Искренне, с энтузиазмом исполненная национальная музыка волнует, даже когда звучит странно, экзотически, парадоксально. В конце 1980-х американский рок-музыкант Пол Саймон выступил в Москве в рамках мирового турне по раскручиванию этнического альбома «Грэйслэнд». Пластинку записали в ЮАР, поэтому на концерте в Зеленом театре маститого американца сопровождала вокальная группа «Ледисмит блэк мамбазо». Африканские голоса – гортанные, хрипловатые, с песочком – были полной противоположностью привычному с детства прозрачному, кристальному звучанию академических русских хоров. Манера исполнения тоже поражала. Артисты цокали, чмокали, улюлюкали, устраивали музыкальные переклички. Но пели они от души, заражая и сражая наповал, намертво впечатывались в душу и память. Когда, работая в Африке, я узнавал об их предстоящих выступлениях, с удовольствием слушал вновь. Летом 2015 года группа выступила в театре «Моссовета» совместно с лондонским Королевским балетом. Немыслимое, казалось бы, сочетание, но эксперимент в очередной раз доказал, что искреннее исполнение, уходящее корнями в народное творчество, и высокое академическое искусство могут органично сосуществовать, невзирая на кажущуюся абсолютную стилистическую несовместимость. На одном из концертов «Ледисмит блэк мамбазо» исполнили на бис песню «Боже, благослови Африку», которая стала гимном пяти государств: ЮАР, Замбии, Зимбабве, Танзании, Намибии. Это исполнение звучит во мне до сих пор.

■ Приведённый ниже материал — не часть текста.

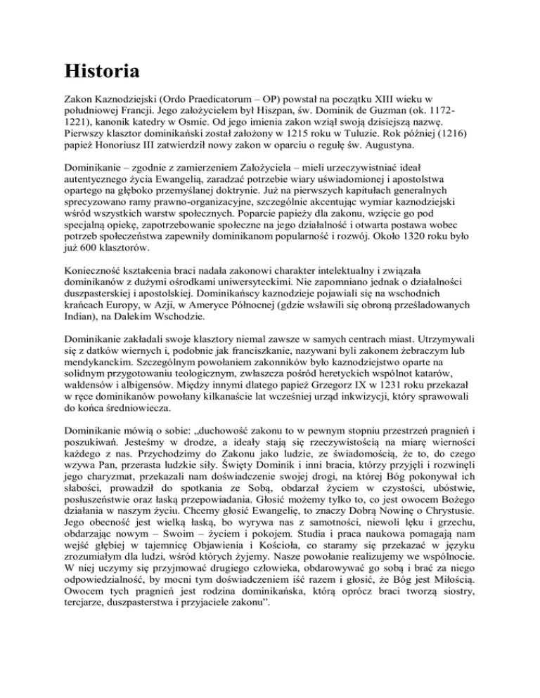 Historia Zakon Kaznodziejski (Ordo Praedicatorum – OP) powstał na początku XIII wieku w południowej Francji. Jego założycielem był Hiszpan, św. Dominik de Guzman (ok. 11721221), kanonik katedry w Osmie. Od jego imienia zakon wziął swoją dzisiejszą nazwę. Pierwszy klasztor dominikański został założony w 1215 roku w Tuluzie. Rok później (1216) papież Honoriusz III zatwierdził nowy zakon w oparciu o regułę św. Augustyna. Dominikanie – zgodnie z zamierzeniem Założyciela – mieli urzeczywistniać ideał autentycznego życia Ewangelią, zaradzać potrzebie wiary uświadomionej i apostolstwa opartego na głęboko przemyślanej doktrynie. Już na pierwszych kapitułach generalnych sprecyzowano ramy prawno-organizacyjne, szczególnie akcentując wymiar kaznodziejski wśród wszystkich warstw społecznych. Poparcie papieży dla zakonu, wzięcie go pod specjalną opiekę, zapotrzebowanie społeczne na jego działalność i otwarta postawa wobec potrzeb społeczeństwa zapewniły dominikanom popularność i rozwój. Około 1320 roku było już 600 klasztorów. Konieczność kształcenia braci nadała zakonowi charakter intelektualny i związała dominikanów z dużymi ośrodkami uniwersyteckimi. Nie zapomniano jednak o działalności duszpasterskiej i apostolskiej. Dominikańscy kaznodzieje pojawiali się na wschodnich krańcach Europy, w Azji, w Ameryce Północnej (gdzie wsławili się obroną prześladowanych Indian), na Dalekim Wschodzie. Dominikanie zakładali swoje klasztory niemal zawsze w samych centrach miast. Utrzymywali się z datków wiernych i, podobnie jak franciszkanie, nazywani byli zakonem żebraczym lub mendykanckim. Szczególnym powołaniem zakonników było kaznodziejstwo oparte na solidnym przygotowaniu teologicznym, zwłaszcza pośród heretyckich wspólnot katarów, waldensów i albigensów. Między innymi dlatego papież Grzegorz IX w 1231 roku przekazał w ręce dominikanów powołany kilkanaście lat wcześniej urząd inkwizycji, który sprawowali do końca średniowiecza. Dominikanie mówią o sobie: „duchowość zakonu to w pewnym stopniu przestrzeń pragnień i poszukiwań. Jesteśmy w drodze, a ideały stają się rzeczywistością na miarę wierności każdego z nas. Przychodzimy do Zakonu jako ludzie, ze świadomością, że to, do czego wzywa Pan, przerasta ludzkie siły. Święty Dominik i inni bracia, którzy przyjęli i rozwinęli jego charyzmat, przekazali nam doświadczenie swojej drogi, na której Bóg pokonywał ich słabości, prowadził do spotkania ze Sobą, obdarzał życiem w czystości, ubóstwie, posłuszeństwie oraz łaską przepowiadania. Głosić możemy tylko to, co jest owocem Bożego działania w naszym życiu. Chcemy głosić Ewangelię, to znaczy Dobrą Nowinę o Chrystusie. Jego obecność jest wielką łaską, bo wyrywa nas z samotności, niewoli lęku i grzechu, obdarzając nowym – Swoim – życiem i pokojem. Studia i praca naukowa pomagają nam wejść głębiej w tajemnicę Objawienia i Kościoła, co staramy się przekazać w języku zrozumiałym dla ludzi, wśród których żyjemy. Nasze powołanie realizujemy we wspólnocie. W niej uczymy się przyjmować drugiego człowieka, obdarowywać go sobą i brać za niego odpowiedzialność, by mocni tym doświadczeniem iść razem i głosić, że Bóg jest Miłością. Owocem tych pragnień jest rodzina dominikańska, którą oprócz braci tworzą siostry, tercjarze, duszpasterstwa i przyjaciele zakonu”.

По сходному сценарию развивалось знакомство с другим известным южноафриканским коллективом – хором «Соуэто госпел». Сначала я услышал его в Кении и приятно поразился слаженности, профессионализму певцов, их задорной одержимости тем, что они делают, непринужденно передавшейся слушателям. Последний раз «Соуэто госпел» порадовал меня на Рождество 2013 года в московском Доме музыки. Поначалу публика воспринимала хор с прохладцей, но мощный положительный заряд, который излучали певцы, сломал ледок отчуждения. После концерта люди расходились в приподнятом настроении. На лицах блуждали невольные улыбки, как будто со сцены только что сообщили донельзя приятную новость.

Африка лишний раз доказывает, что самый демократичный вид музыкального искусства – хоровая, а не рок и не поп-музыка. Те, кому посчастливилось участвовать в приличном хоре, согласятся, что чувство единения и восторга, охватывающее во время коллективного пения, не сравнить ни с чем. Музыканты симфонического оркестра тоже испытывают нечто подобное, но далеко не каждый умеет играть на скрипке, виолончели или валторне, а петь может любой, за редчайшим исключением. Хор помогает поддерживать связь поколений и сплачивает нацию не хуже футбола. Даже лучше. Потому что болельщики сопереживают общему делу со стороны, а хористы в нем активно участвуют.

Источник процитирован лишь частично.